Ni el rumor de los autos que no cesa, ni la euforia que andaba sobre Insurgentes cantando una victoria que al final no es nuestra, ni una catástrofe ambiental, ni las injusticias vueltas ley en la Suprema Corte de Justicia de la Nación (SCJN) me quitaron el habla como me la quitó enterarme de la muerte de José Saramago.
Qué superfluo, me dirán algunos, pero lo cierto es que me quedé sin habla porque ese hombre, portugués, fue capaz de explorar visiones literarias que muy pocos se habían atrevido siquiera a asomar.

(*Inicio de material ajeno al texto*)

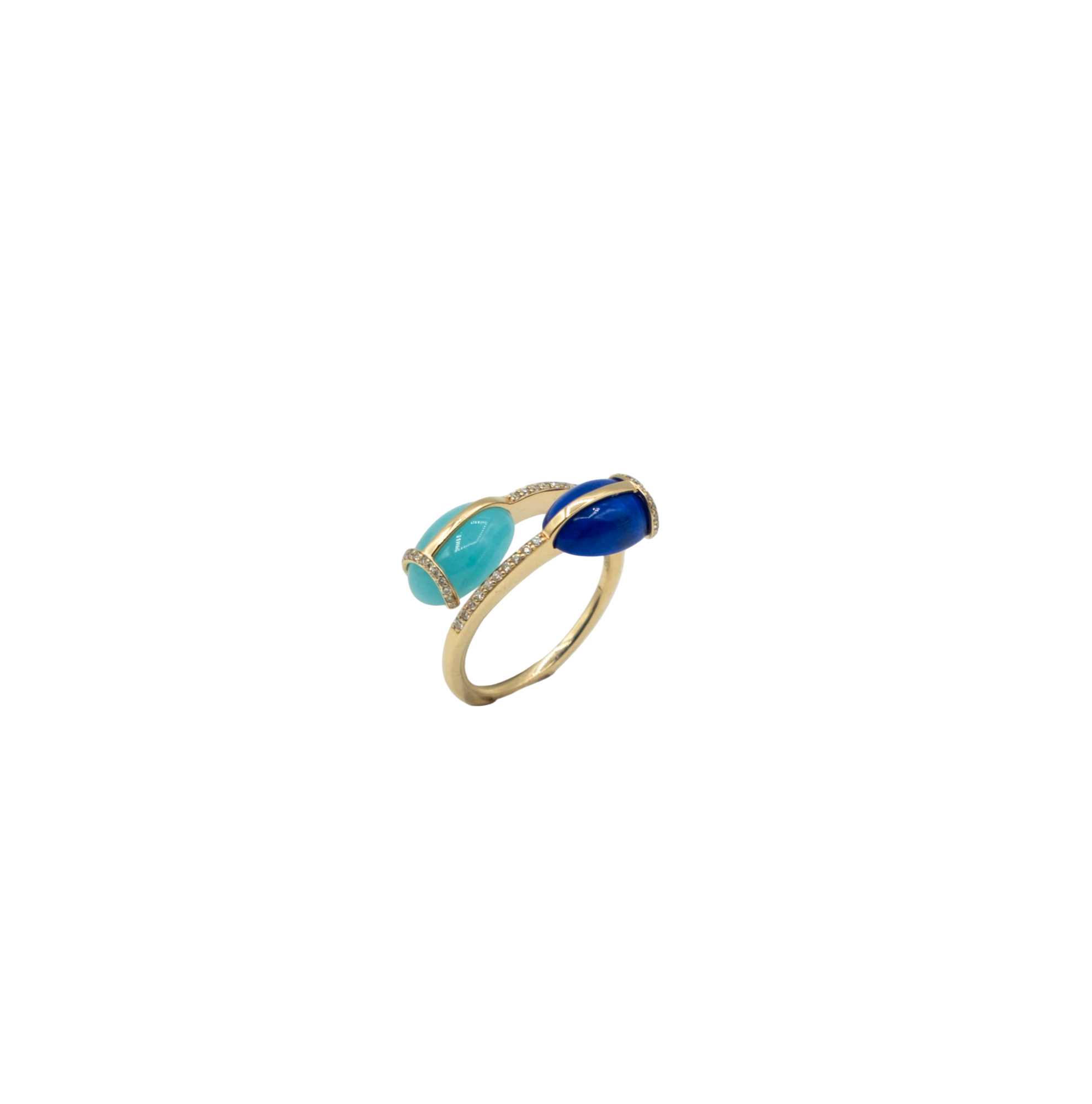 Sertie de deux pierres fines « scarabée » : une Amazonite et une Lapis Lazuli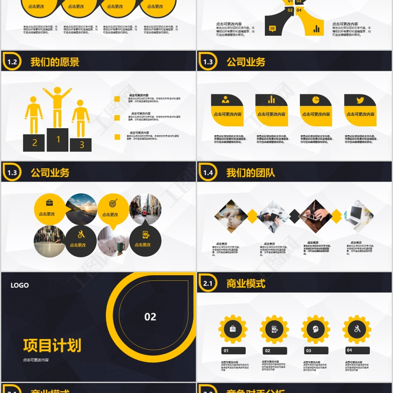 工圖網(wǎng)提供橙黑雙色簡約沉穩(wěn)商業(yè)創(chuàng)業(yè)計(jì)劃書ppt模板供會員免費(fèi)下載。更多精彩黨課PPT素材,盡在工圖網(wǎng)。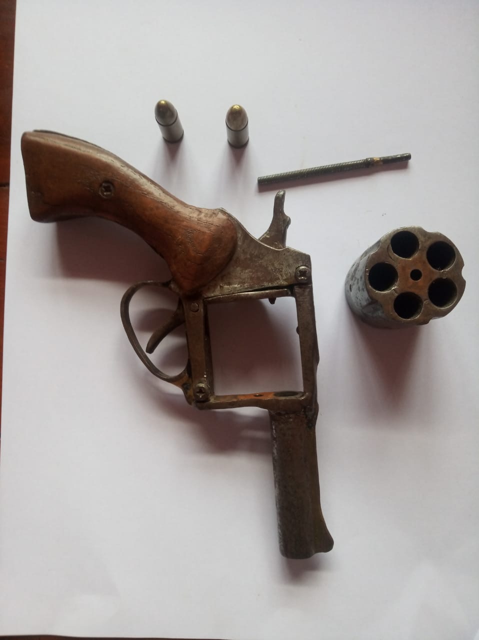 1. 1(satu) pucuk senjata api rakitan Revolver warna cokelat dengan gagang coklat dengan amunisi 2 ( butir ) peluru aktif Caliber 6 MM.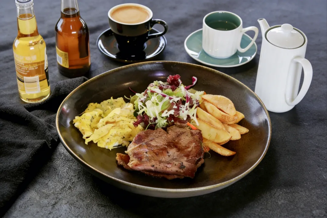 以澳洲牛扒搭配卡真香料与清新沙拉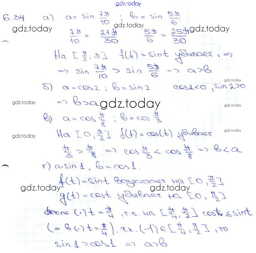 На страницах сайта gdz.today вы найдете учебный и вспомогательный материал, направленный на улучшения знаний школьной программы. ГДЗ - онлайн мир знаний §6. Синус и косинус. Тангенс и катангенс Глава 2 6. 34 Задачнику по Алгебре для 10-11 класса Мордкович, Денищева Базовый уровень Мнемозина 2015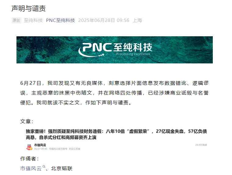 市值风云质疑至纯科技财务造假 后者回怼:预设立场缺乏专业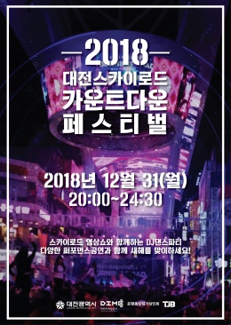대전마케팅공사(사장 최철규)는 이달 31일 으능정이거리 대전스카이로드 일원에서‘2018 대전스카이로드 카운트다운 페스티벌’을 개최한다고 18일 밝혔다.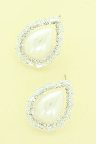 Cz Bezeled Drop-shaped Pearl Earrings - WhiteSilver.Crwhs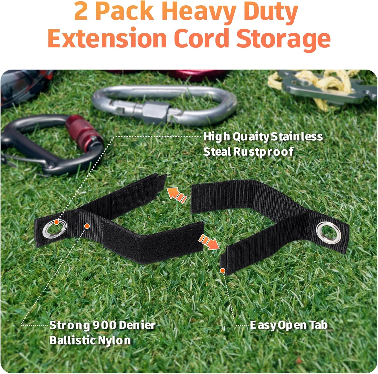 - Pack of 2 Heavy-Duty Storage Straps: Constructed from heavy-duty weatherproof polypropylene, featuring industrial-strength hook and loop fasteners and rust-resistant stainless steel grommets, these heavy-duty storage straps are designed for long-lasting useâindoors or outdoors. With a capacity to hold up to 50 lbs (22 kg), you can say goodbye to bulky cord reels. Nacial storage straps are the ultimate solution for organizing extension cords, hoses, ropes, and much more!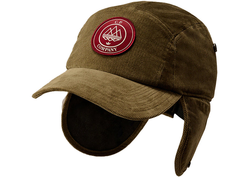 The adidas SPZL x C.P. Company Corduroy Settend Earflap Cap Beech/Green is now available at Side Kicks!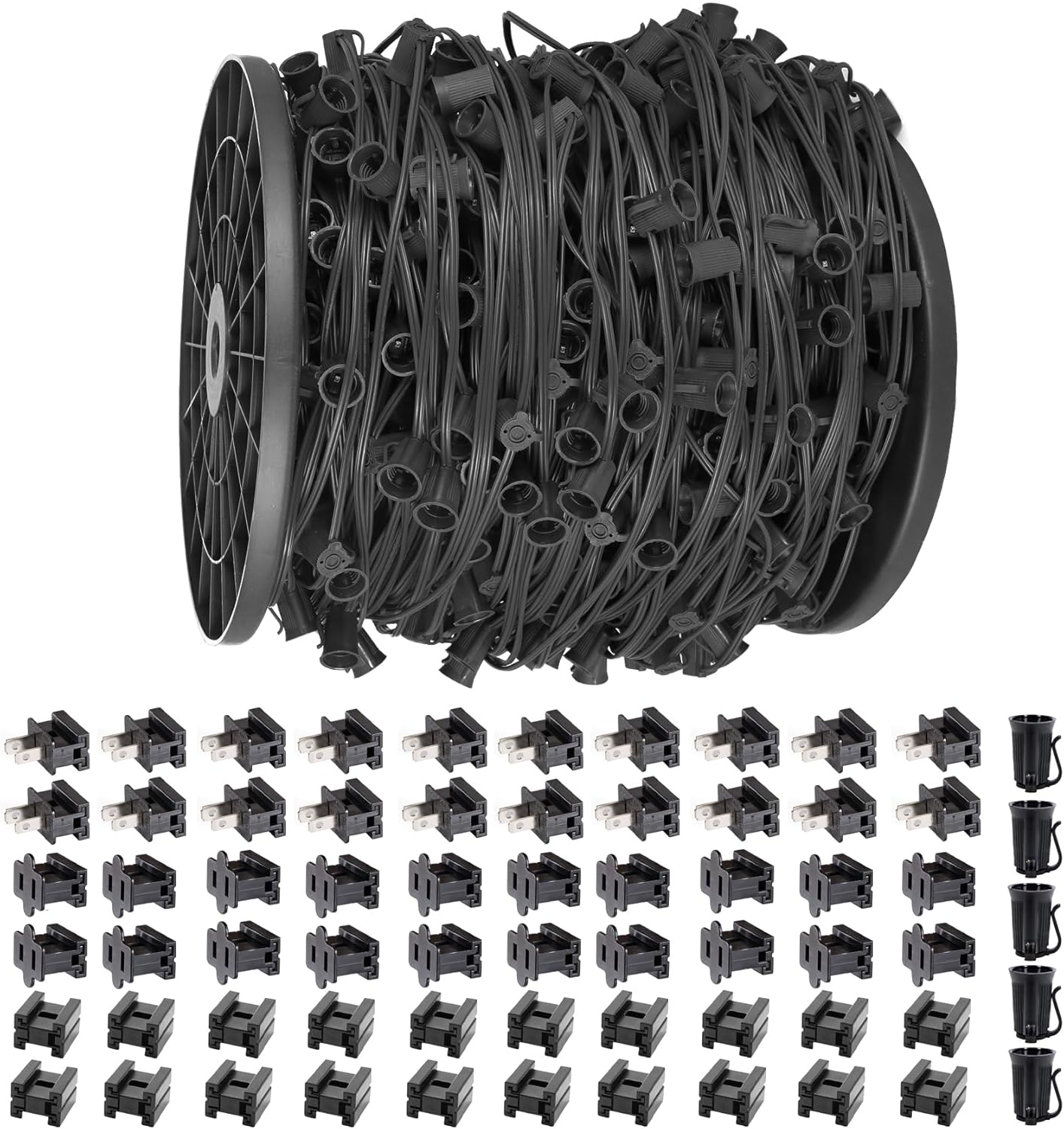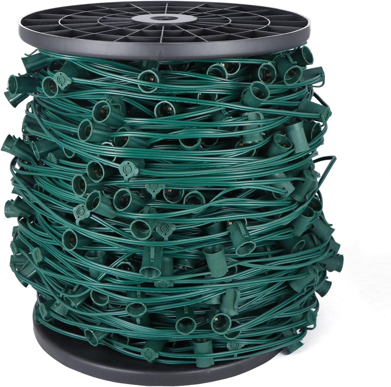 • Dimensions and specifications: The length of the c9 light strand is 100 feet with white wire.The 100' c9 socket wire contains a total of 100 Christmas light sockets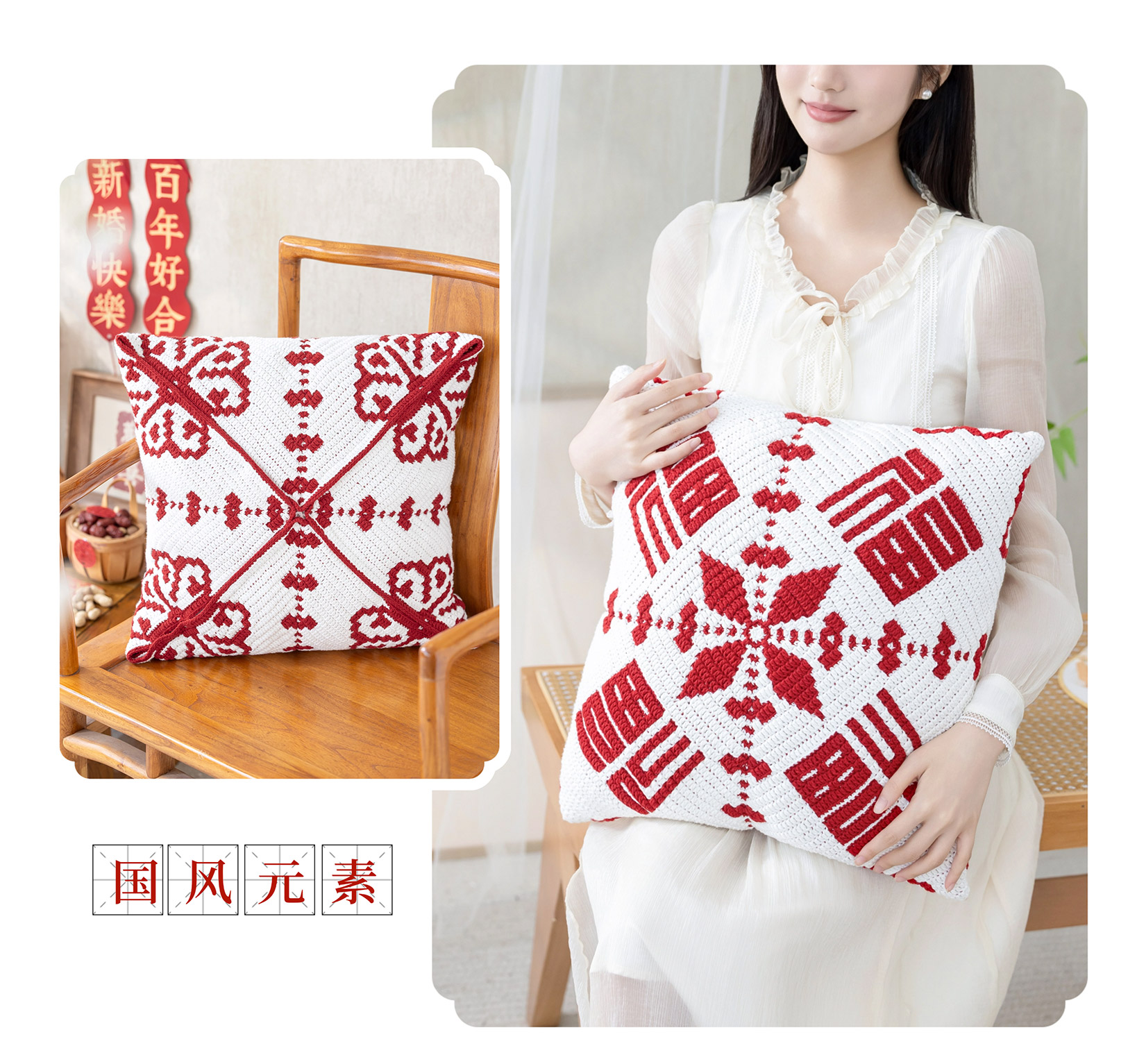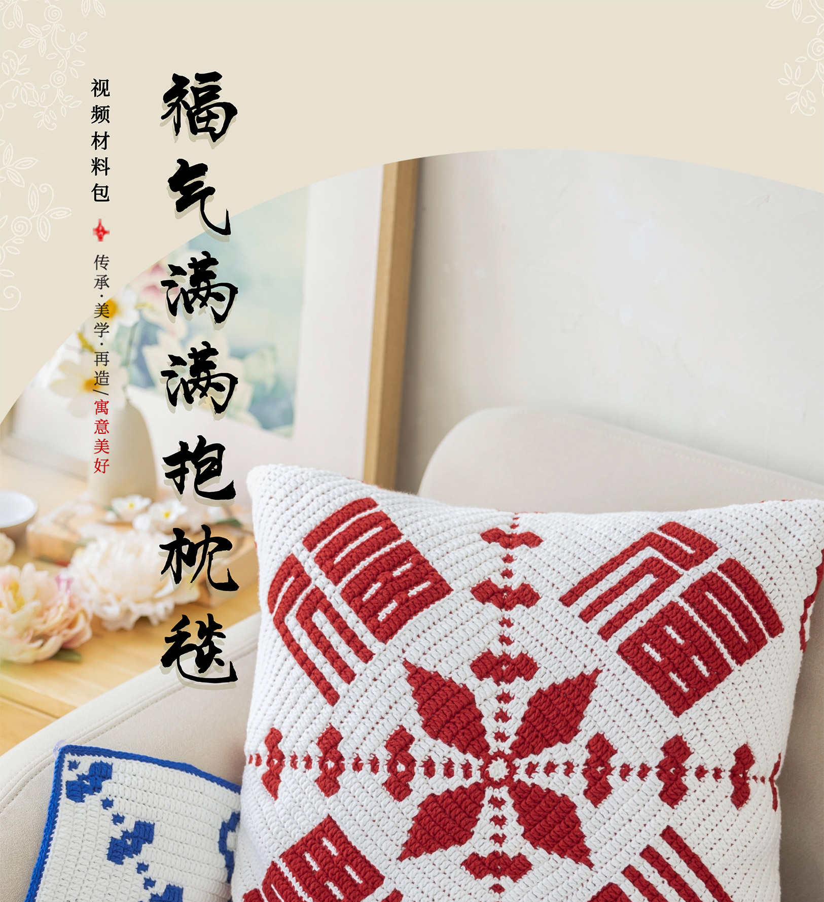 苏苏姐家福气满满抱枕毯手工DIY家居钩针毛线4股牛奶棉自制材料包

Sus diálogos sin puntos y aparte, sin comillas, donde la jefa es la coma, su jugueteo con lo que implica una letra más y otra menos.
Ahí está, es público, Saramago es un grande, uno de esos raros que en 300 años seguirán vivos, uno de los que gozan el privilegio de convertirse en inmortales gracias a sus palabras -aunque seguramente él me diría que no, que todas las personas, toda la humanidad, somos nada comparados con lo que existe más allá de nuestro egocentrismo, ahí está la muerte como prueba-.
Es una pena que ya nunca más se firmarán libros de ese calibre en Lanzarote. Vaya Saramago, vaya en paz, que hiciste más magia de la que te correspondía.
Foto: José de Sousa Saramago murió en su casa de Lanzarote a los 87 años de edad.